Just wanna pop in real quick and point out we didn't have plastic in the food production pipline at all for about 9,900 years out of the last 10,000-ish.

We absolutely could eliminate plastic if we had the will. Literally 99% of our history or more has been without plastic.

[–] [email protected] 4 points 17 hours ago (1 children)

9,900 of the last 10,000 years we haven’t been able to produce enough food for everyone. Industrialization changed that. I think we still prefer some plastic contamination over droves of people starving to death. But it’s gonna be hard to have both, in the short term at least.

[–] [email protected] -1 points 15 hours ago

Citation needed. Lots of Romans ate fast food. Y'all just trying to find every excuse to not change anything.

[–] [email protected] 1 points 17 hours ago (1 children)

I don't think anyone is saying that we can't get rid of it, but it's not realistic to think that industrialized societies are going to give it up without alternatives that have little/no drawback, and that's going to take a lot of time and effort to develop. I'm not sure I see that sort of thing being properly incentivized unless we have conclusive data on plastic toxicity.

[–] [email protected] 2 points 15 hours ago (1 children)

It is killing us. The evidene is mounting. Keep advocating for the status quo if you like, but it is insane to me.

[–] [email protected] 4 points 13 hours ago (1 children)

I did not at any point advocate for the status quo or claim that there isn't mounting evidence that microplastics are toxic. Please don't mischaracterize my statement.

[–] [email protected] 1 points 10 hours ago (1 children)

You claimed that unless there are alternatives with no drawbacks that we are doomed to this in industrialized societies.

I disagree.

When the drawback of plastic is that it is toxic to our health, it seems like all sorts of things we used to use should be back on the table, just for starters, drawbacks and all.

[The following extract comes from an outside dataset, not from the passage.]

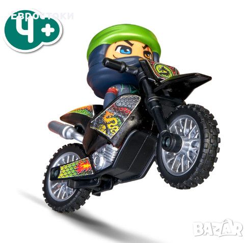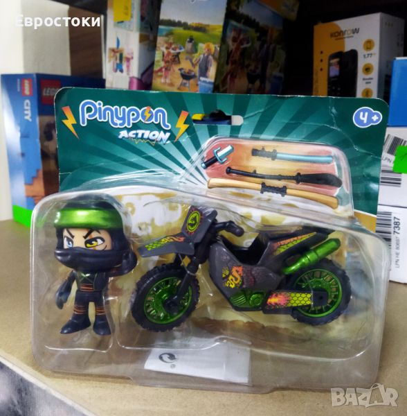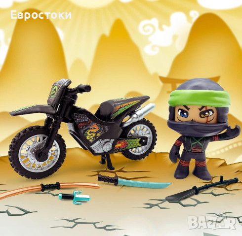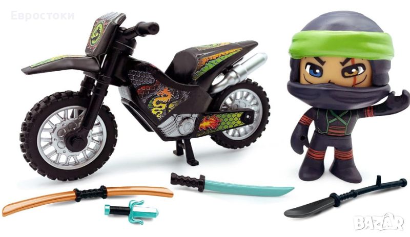 Игрален комплект Pinypon Action - The Ninja motorbike Demon включва мотоциклет Ninja Demon в подходящ дизайн със златен дракон отстрани и зелени акценти. Мотоциклетът има смел, спортен стил с две големи подвижни гуми и основа за хващане, стоене и придвижване.

[–] [email protected] 2 points 8 hours ago

My claim is that alternatives with minimal drawbacks are going to be required in industrialized societies, yes, because plastic is very deeply ingrained in our industry, and has been critical to many of the advances that we've had in the last few decades (especially medicine and healthcare).

If we're talking about just the food supply chains, that's a little bit different because people are more willing to suffer inconvenience if the perceived health risk is large enough (because health depends on our diets). The problem is that the perceived risk, for the vast majority of people, is fairly small. Plastic ingestion poses chronic issues, not acute ones (mostly). This means that we've already addressed most of the more acute toxicity concerns, and the chronic concerns are going to require more conclusive data to persuade people to care now and not dismiss it by saying "I'll worry about that later, we have more important problems now".

That said, I never said we were "doomed". In fact I think that we're going to develop better and safer technologies, and plastic and how it reacts with living organisms will be better understood. But, I think that's going to take some time. In the mean time, I think we're going to start to go back to older materials (particularly in the food supply chains) where the additional cost is manageable. Plastic isn't going to go away completely though. Not now, not ever. The best we can do is make it safer, and mandate other materials where it's most important.